Around a decade ago, San Francisco artist Chris Sullivan started collecting mattresses. Not just any mattresses, but used, discarded ones. "They're just right there, out on the street," explains Sullivan, who says he couldn't resist them. He would drive around the city, spot the mattresses, stop, pick them up and throw them in the back of his pick-up truck. From there, he would take them to a photo studio and shoot them with his 35mm camera. "I would skin the ticking off of them," he says with a grin. "It kind of looked like Jack the Ripper had been there."

Collecting mattresses was no easy task. First off, they were large, awkward to carry and difficult to store. And after awhile, they became too raw and exposed, even for Sullivan, whose interests lie in the intersection of the public and private domain. "Discarded mattresses are really played out: the disconsolate postures, the stains, mixed with the floral patterns," he says. "They represent whole lives played out right there in front of you."

These days, Sullivan, 42, and a self-described language photographer, collects items of a more manageable scope than mattresses: scraps of paper, signs, handwritten notes, all of which he, or others, find on the street, and he determines to be part of the public domain. It is a collection so vast that Sullivan has already published 180 copies of Volume I of the "JPD" (Journal of Public Domain). By June, he expects to have another 1,500 copies published. The JPD, in piecemeal form, has been exhibited at a number of Bay Area galleries, including the Magnet Gallery at Rayko South Photo Center.
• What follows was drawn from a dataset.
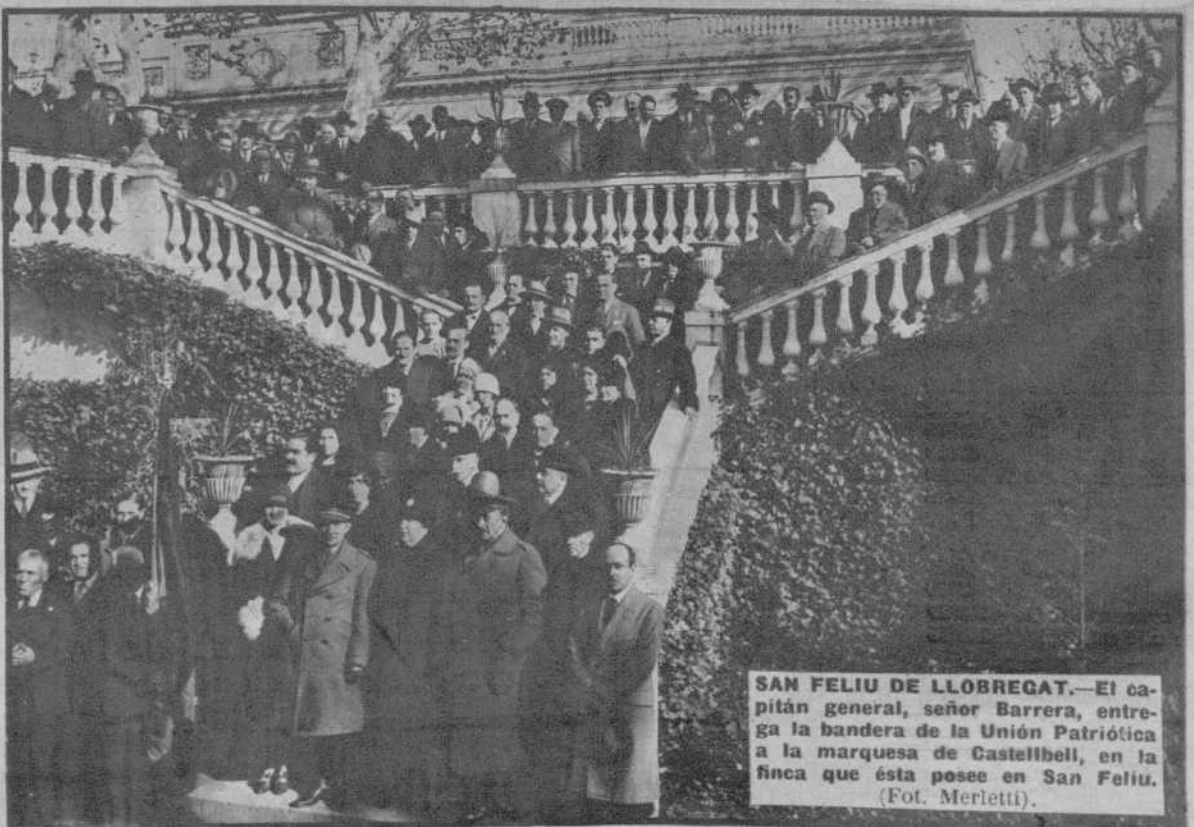
SAN FELIU DE LLOBREGAT.—El capitán general, señor Barrera, entrega la bandera de la Unión Patriótica a la marquesa de Castellbell, en la finca que ésta posee en San Feliu.

Sullivan's day job is managing Rayko South, which is located in San Francisco's South of Market neighborhood and offers dark-room rentals and photography classes to Bay Area photographers. "You can't really make a living off the Public Domain," explains Sullivan, who has been charging $10 for copies of Volume I.
A lot of Sullivan's findings are from his own backyard in San Francisco, to which he migrated from his hometown of Bakersfield. "Moving from a smaller place, I was struck by the intimacy that results from living among a million people," he says. On the streets of San Francisco, he finds intimate personal effects, like the used mattresses, "laid out for everyone to see." Other work Sullivan has created includes "The Affable Man," a series of self-portraits in which he dressed up as a grinning real estate salesman, and the "Shrubman" series, which featured a potted plant with arms, legs and a wardrobe. Sullivan photographed it in both indoor and outdoor scenes.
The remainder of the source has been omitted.